> **EXERCISE OBJECTIVE**
A verbatim transcript of the data that follows, free of images, is the expected result.

> **DATA SECTION**

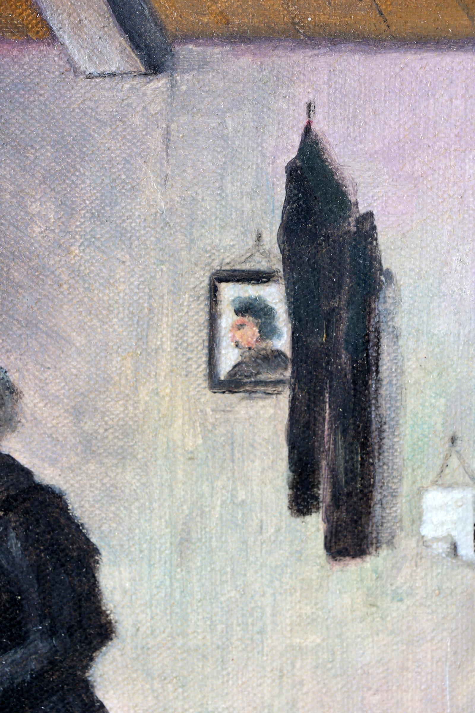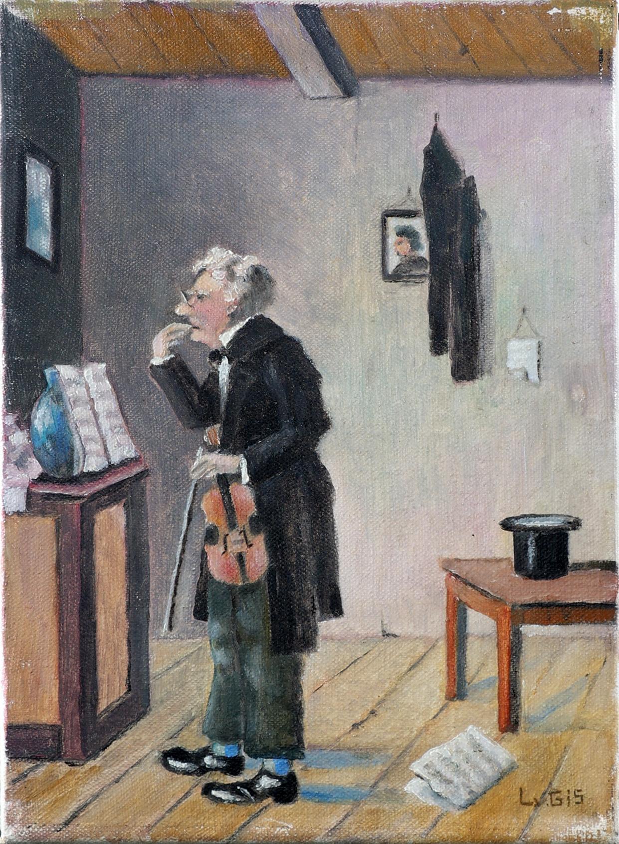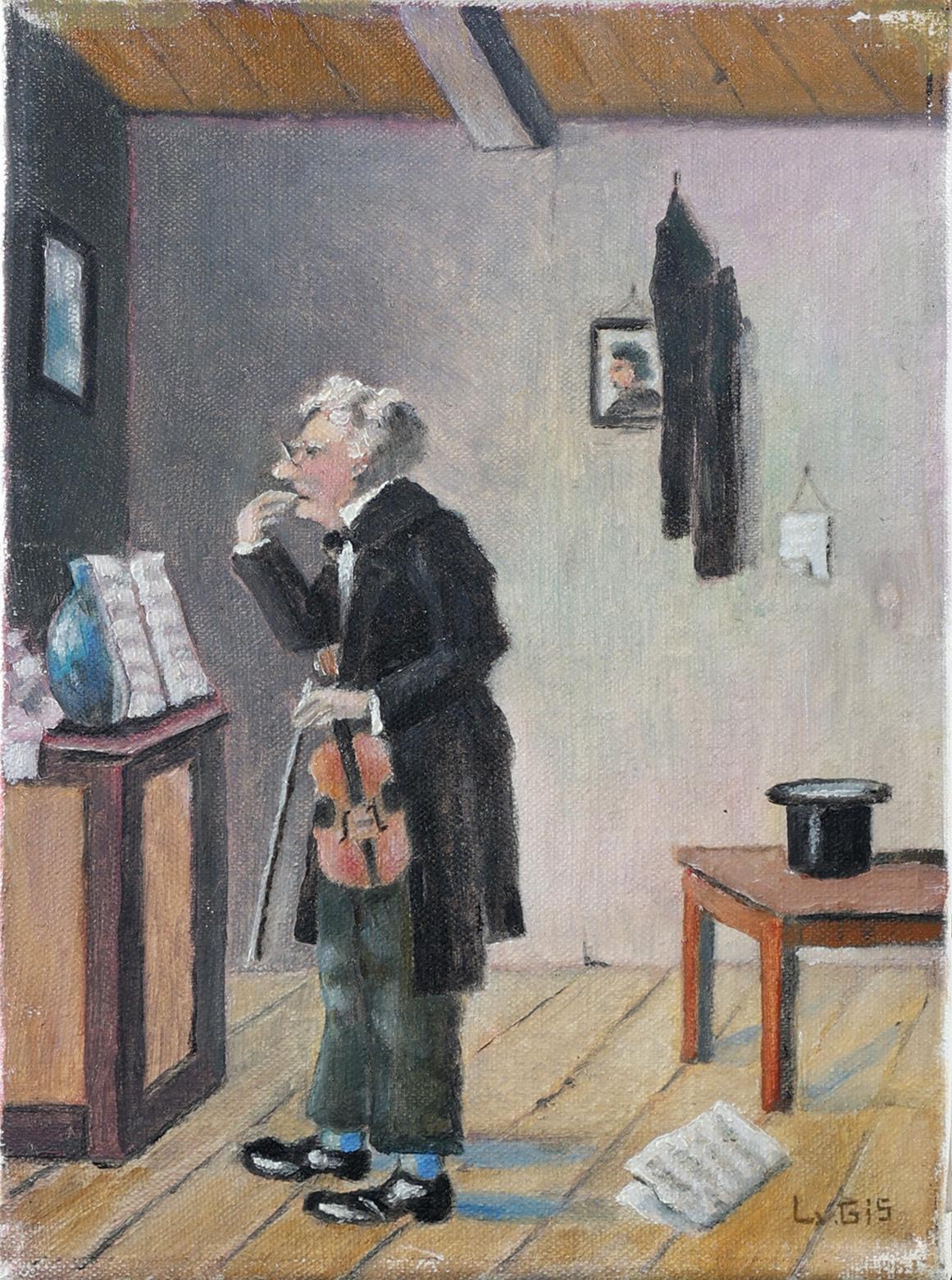 L. van Gis, Vioolspeler in interieur, olieverf op doek, 24,5 x 18 cm.
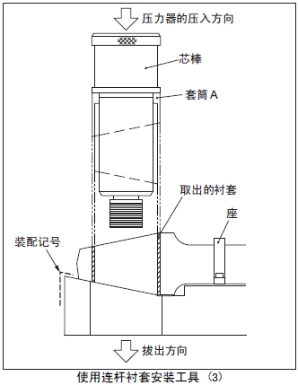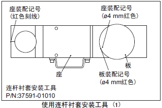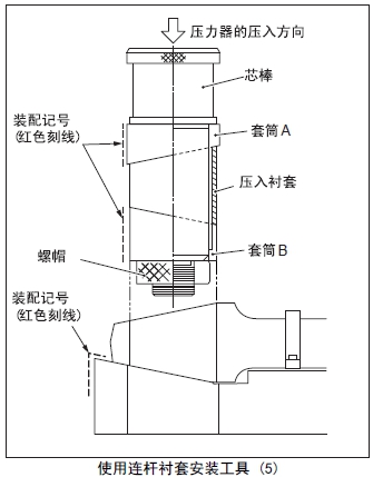 (2) 套筒A裝入心軸,套筒A的裝配記號(紅色刻線)對準(zhǔn)座臺(tái)的裝配記號(紅色刻線)后安裝在連桿襯套內(nèi)。
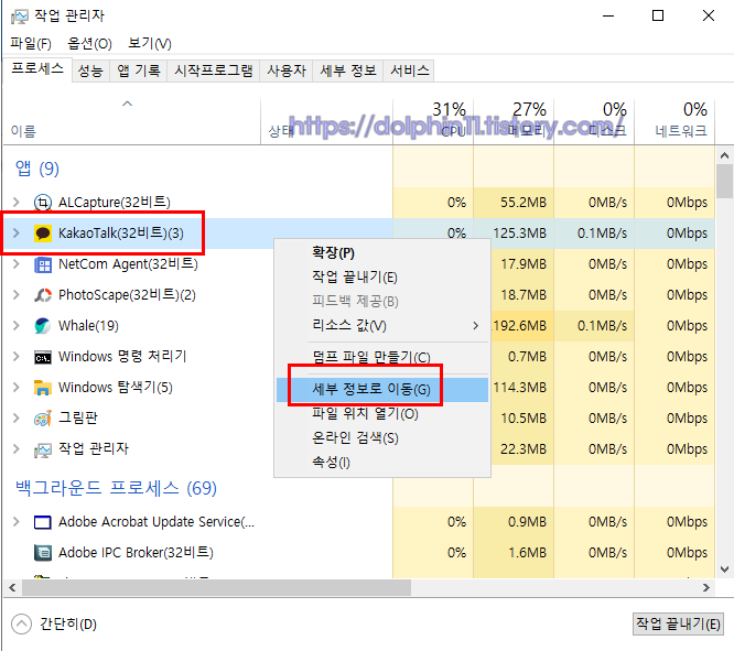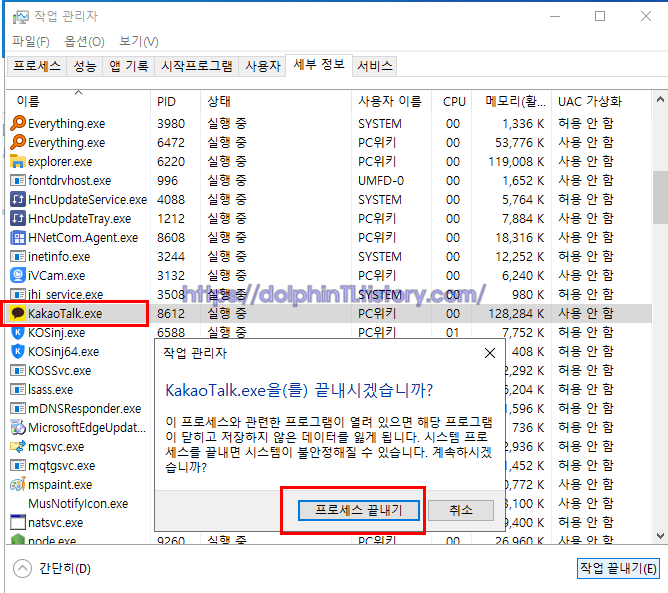 해당항목으로 자동 클릭이 될 텐데요 작업 끝내기를 눌러서 프로세스 끝내기를 해주면 됩니다.

> **FINISHED TASK**
 L. van Gis, Vioolspeler in interieur, olieverf op doek, 24,5 x 18 cm.
 (2) 套筒A裝入心軸,套筒A的裝配記號(紅色刻線)對準(zhǔn)座臺(tái)的裝配記號(紅色刻線)后安裝在連桿襯套內(nèi)。
 해당항목으로 자동 클릭이 될 텐데요 작업 끝내기를 눌러서 프로세스 끝내기를 해주면 됩니다.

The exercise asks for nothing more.